LAUSD iPad program: Bidding process reopening for Phase 3

The LAUSD says it is reopening the bidding process for the third phase of its tablet computer program to all companies.
The Los Angeles Unified School District says it is not canceling its controversial tablet computer program, but it is reopening the bidding process for the third phase to all companies, including Apple.

"Not only will this decision enable us to take advantage of an ever-changing marketplace and technology advances, it will also give us time to take into account successes and concerns learned in the initial phases of the (Common Core Technology Project), and receive new information from the California Department of Education regarding assessments," Superintendent John Deasy said Tuesday in a statement.

This comes as questions mount over the district's handling of its iPad deal. The billion-dollar initiative aimed to provide all students, teachers and administrators with a tablet computer.

The new questions surround the LAUSD's contract with Apple and Pearson, the company that provides the curriculum on the tablet computers. Public records obtained by the Los Angeles Times show that Superintendent John Deasy and his former chief deputy had been discussing this technology with executives from Apple and Pearson two years before the bidding process.

At Tuesday's school board meeting, Deasy did not address the controversy before entering into a closed session.

United Teachers Los Angeles is calling on the Board of Education to uncover the truth behind the iPad deals. The teachers' union says Deasy needs to publicly explain his role in awarding the contracts to each company.

"It's an issue of if the top of our district has cozy relationships with multibillion-dollar corporations but isn't including parents and students and educators in the process of vetting big projects like this, that's a problem," said Alex Caputo-Pearl, president of UTLA.

The Los Angeles County District Attorney's Office reviewed a report on the program prepared by the district's inspector general but found no criminal wrongdoing in the bidding process.

Deasy says that the district remains committed to providing technology that supports students' "access to a world of learning and discovery" and prepares them for the future.

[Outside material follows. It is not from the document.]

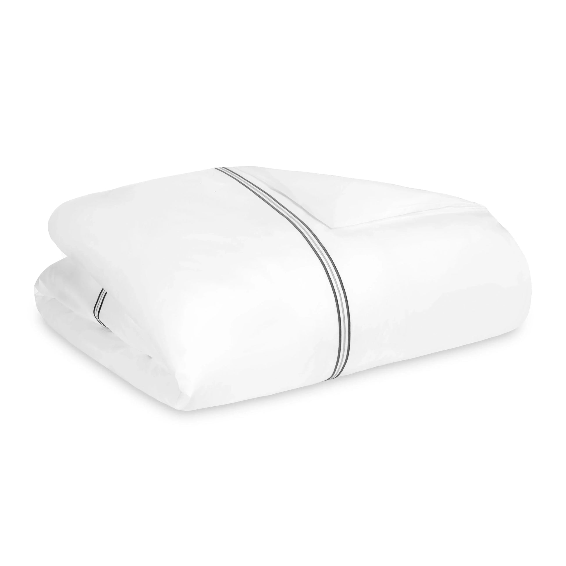 Les housses de couette Delancey sont conçues avec un corps en percale blanche unie et une triple broderie satinée bicolore en forme de U encadrant le matelas. (Remarque : les housses de couette sont dotées d'une finition bord-couteau, de quatre attaches d'angle et d'une fermeture à boutons.)
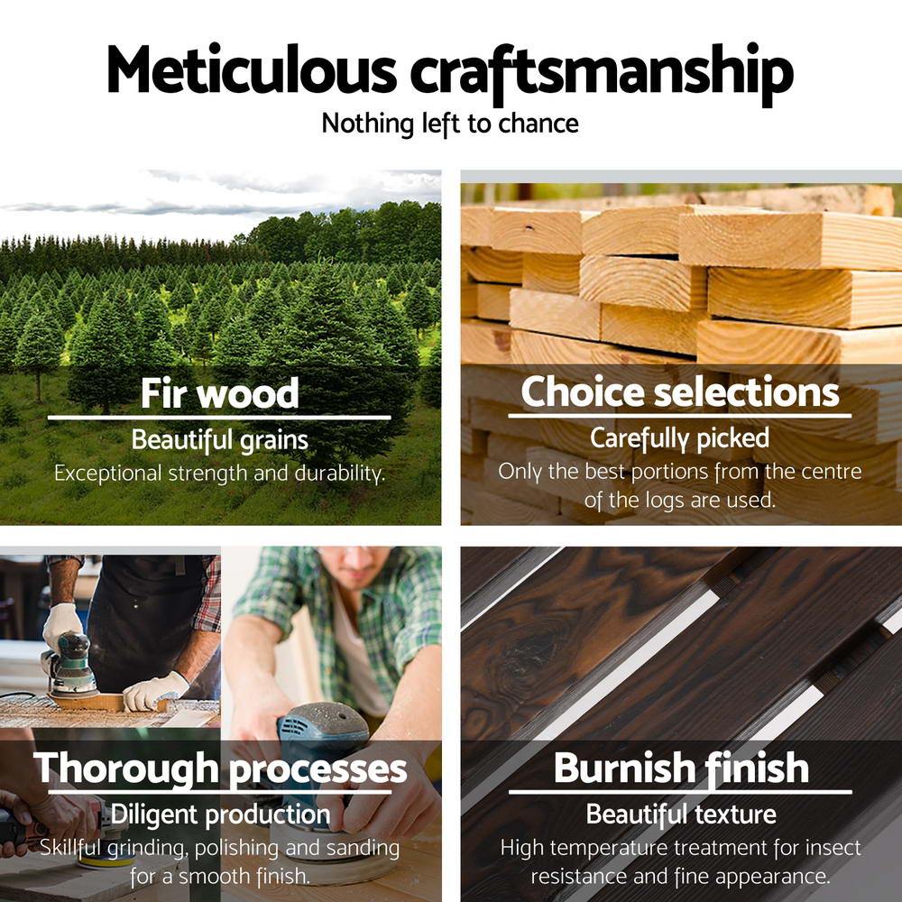From its period styling to its rustic imported Fir wood design, the Wagon Wheels Bench is solidly built to seat two persons comfortably. The attention to details is excellent with finely crafted wagon-wheel armrests, a smooth and supportive backrest and exceptional strength and beautiful grains from the Fir wood finish. In fact, the Bench can take on a massive weight of up to 220kg. Better still, the Fir wood is weather-resistant, UV-resistant and blessed with a natural resistance to rot and pests. Everything you want in a durable and longlasting garden bench under the great Australian sun and rain.

"We have worked hard and are proud of the progress we have made - and will continue to make through additional phases - on this project. The CCTP supports the District's transition to the Common Core State Standards and its commitment to provide an individualized, interactive and informative-rich learning environment," Deasy said. "We look forward to refining our processes and ultimately achieve our vision to equip every one of our students with a personal computing device to help them succeed in the 21st century. This is exactly what our students need and deserve."

Mayor Eric Garcetti says the controversy is not fair to students.

"Now we are going to see them punished because of mistakes that were made at the school district, so I'd like to see them right those mistakes, get tablets, whatever brand, in the hands of our students as quickly as possible," said Garcetti.